Fighting fire with fire

Today’s edition of Nice Matin has a short report on the Hotel Martinez in Cannes.  For the second year the hotel has called on a falconer and his team of ten Harris Hawks to patrol the garden in order to discourage the local seagulls, who have no qualms about helping themselves to food from guests’ plates.

http://www.nicematin.com/cannes/au-martinez-des-faucons-pour-proteger-les-clients-des-goelands.1274945.html

But what happens if one of the hawks is tempted beyond endurance by a tasty morsel on one of the plates and the gamekeeper turns poacher?

7 thoughts on “Fighting fire with fire”

  1. Maybe they should just serve salads. That will put the birds of prey off! 🙂

  2. Don’t forget that there will also be a basket of bread on the tables, FEEG.

  3. I think the bread would have to be moving pretty swiftly to attract birds of prey, Sheona.

    I accidentally pressed the Google translate button and the headline then read:

    “In Martinez, falcons to protect customers gulls”!

  4. I’ve experienced the same gull attacks at harbours in Cornwall. The birds are huge and I wonder whether they would be deterred even by the biggest hawks.

  5. Ahem! Hawks are carnivores. Unless the restaurant is serving steak tartare I think they will reckon it’s pretty short commons and the gulls are a better bet!
    They tend to like their dinners warm and pulsing and on the wing!!
    In the ten years we have been in this house I have never seen a hawk, eagle or raptor once on the ground or eat anything set out for birds. The only thing they want is the birds that feed at the bird tables. We put them under trees to protect the little birds from the big ones! Apart from that they eat voles, mice and rabbits. We have so many big birds there are no rabbits or squirrels here, all been eaten!

  6. Which reminds me of a similar nuisance we have at some of our more rustic restaurants here. Monkeys!!!

    They don’t go after your food, much more valuable stuff than that, anything shiny on the table or surrounds, car keys, phones, handbags, cameras, room keys, anything left unattended for a microsecond and they pounce.
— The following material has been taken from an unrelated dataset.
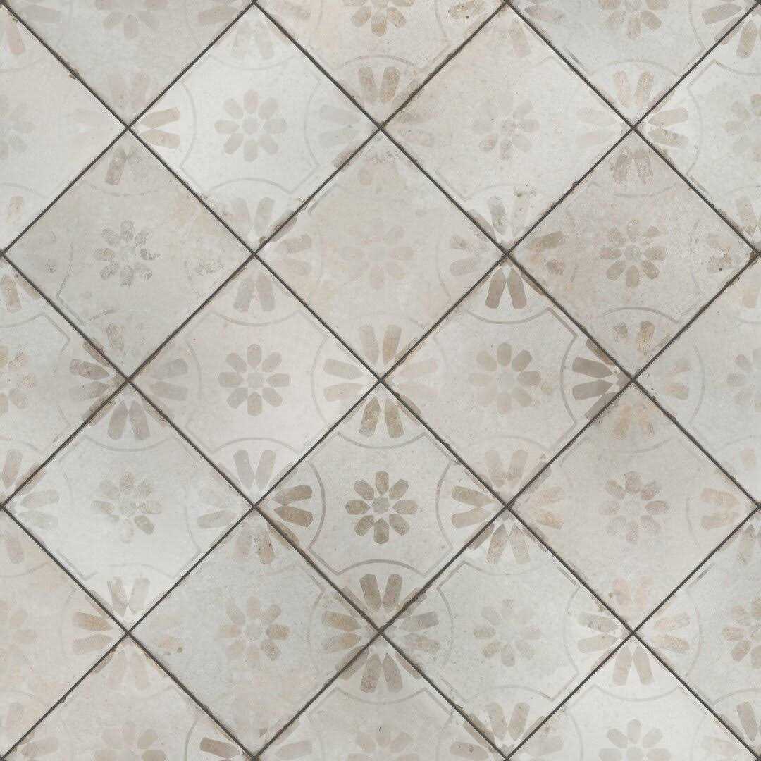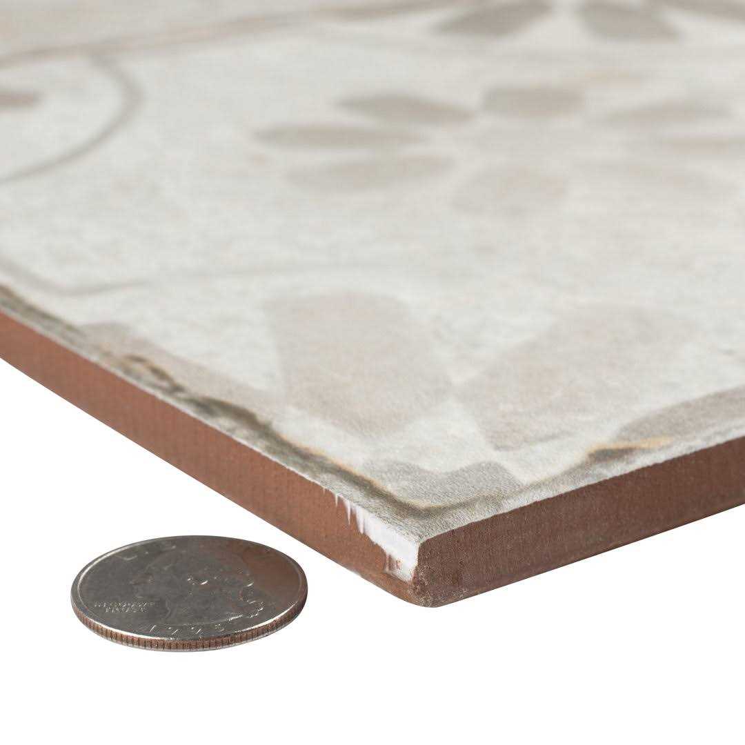 Modern and vintage design elements blend together to create our Royalty Daisy 17-5/8 in. x 17-5/8 in. Porcelain Floor and Wall Tile. Featuring a worn cement appearance, this tile is a subtle statement piece created by floral motifs in faded shades set on an base glaze. Designed by interior architect and furniture designer Francisco Segarra, this tile is a true reflection of vintage industrial design. Realistic imitations of scuffs and spots that are the marks of well-loved, worn, century-old tile bring rustic charm to any interior setting. These rustic scuffs and spots convince that this tile is truly aged. Available in 7 print variations that are randomly scattered throughout each case, the variation throughout each tile mimics an authentic aged appearance. Save time and labor spent arranging smaller square tiles and instead install these durable porcelain slabs, which have four 8-3/4 in. squares separated by scored grout lines. The scored grout lines can be grouted with the color of your choice, or left ungrouted for a rugged finish. Its durable, ADA-compliant and glazed features make this tile an ideal choice for indoor residential use, including kitchen backsplashes, bathrooms and showers.

    There’s normally signs warning patrons of the menace but tourists just don’t seem to either pay attention or believe.

    “Excuse me waiter, but yon monkey just stole our (enter any one of the above here)”

    Ha ha, it’s not as if the monkeys have a fixed address 🙂

  7. That’s reassuring, Christina, that the hawks would not be tempted.

    Janus, a few years ago when we were spending the winter in Gibraltar, I put up a post here about the injured seagull we found on a path and the hawk that had caused the injuries sitting near by on a fence post. The hawk was smaller than the gull but it was the winner.

    Soutie, the apes on Gibraltar are also a problem and restaurant staff warn clients about them. A sharp smack on a metal tray tends to discourage them – as well as making the clients jump!